**DATA SECTION**:
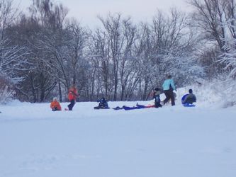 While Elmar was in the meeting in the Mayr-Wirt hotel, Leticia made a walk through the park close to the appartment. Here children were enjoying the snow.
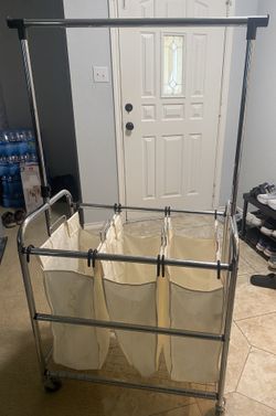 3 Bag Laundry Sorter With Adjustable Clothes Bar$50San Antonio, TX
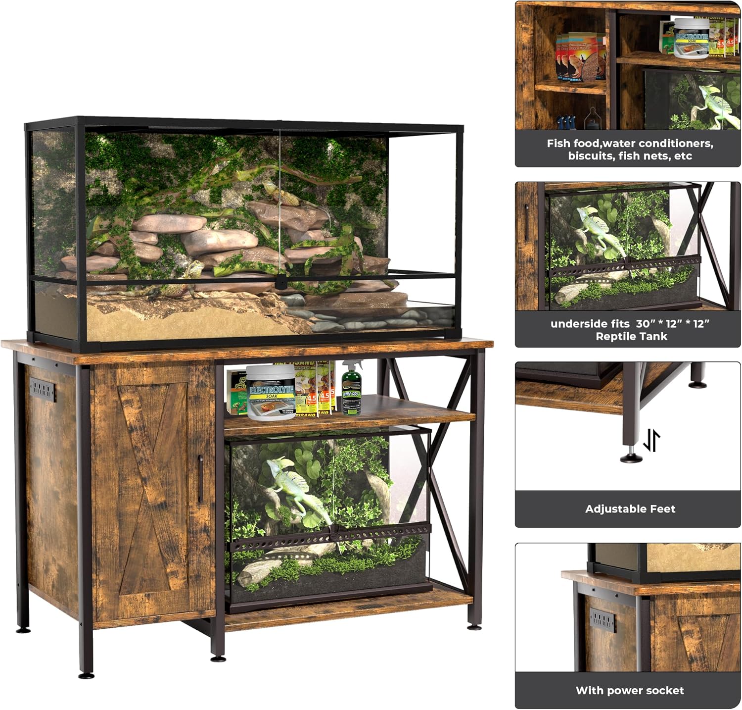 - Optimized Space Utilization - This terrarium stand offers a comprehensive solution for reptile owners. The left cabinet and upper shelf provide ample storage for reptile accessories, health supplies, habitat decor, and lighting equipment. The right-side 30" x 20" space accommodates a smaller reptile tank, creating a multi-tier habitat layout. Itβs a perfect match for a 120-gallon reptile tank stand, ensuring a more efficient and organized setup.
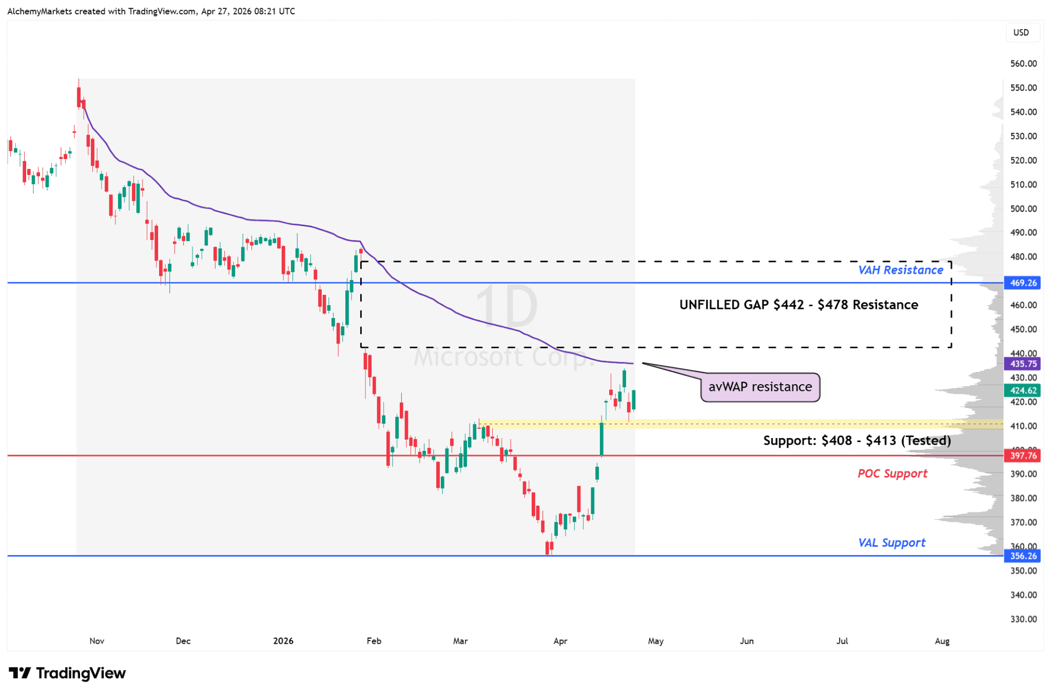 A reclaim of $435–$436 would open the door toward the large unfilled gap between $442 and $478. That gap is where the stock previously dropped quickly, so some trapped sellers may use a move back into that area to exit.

**TO DO**: Go through the data above and print exactly the lines from its first line through the line holding "- Optimized Space", both included, leaving pictures aside.

**YOUR RESPONSE**:
 While Elmar was in the meeting in the Mayr-Wirt hotel, Leticia made a walk through the park close to the appartment. Here children were enjoying the snow.
 3 Bag Laundry Sorter With Adjustable Clothes Bar$50San Antonio, TX
 - Optimized Space Utilization - This terrarium stand offers a comprehensive solution for reptile owners. The left cabinet and upper shelf provide ample storage for reptile accessories, health supplies, habitat decor, and lighting equipment. The right-side 30" x 20" space accommodates a smaller reptile tank, creating a multi-tier habitat layout. Itβs a perfect match for a 120-gallon reptile tank stand, ensuring a more efficient and organized setup.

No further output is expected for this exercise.